╭──

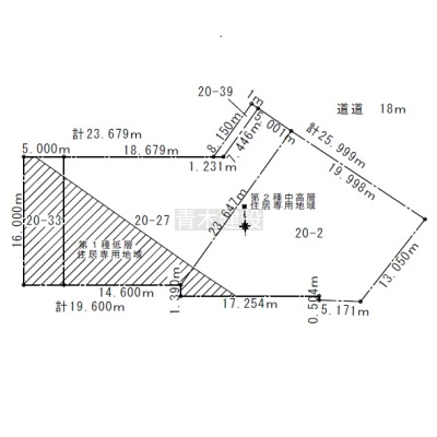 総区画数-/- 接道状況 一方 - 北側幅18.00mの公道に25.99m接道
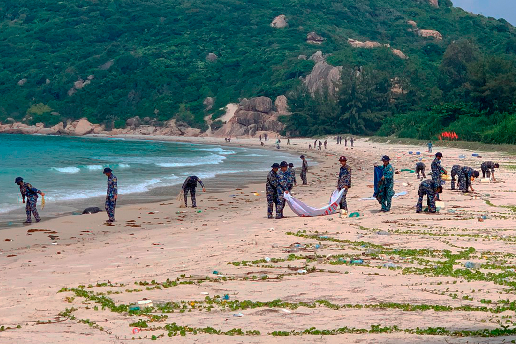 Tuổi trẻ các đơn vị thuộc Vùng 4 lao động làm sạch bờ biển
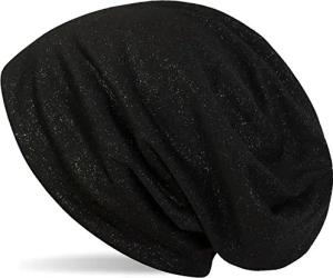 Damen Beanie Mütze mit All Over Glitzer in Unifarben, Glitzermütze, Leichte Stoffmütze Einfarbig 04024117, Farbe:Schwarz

╰──

Activity: Down to the last line, print the material exactly, but not its pictures.

Exercise answer:
 総区画数-/- 接道状況 一方 - 北側幅18.00mの公道に25.99m接道
 Tuổi trẻ các đơn vị thuộc Vùng 4 lao động làm sạch bờ biển
 Damen Beanie Mütze mit All Over Glitzer in Unifarben, Glitzermütze, Leichte Stoffmütze Einfarbig 04024117, Farbe:Schwarz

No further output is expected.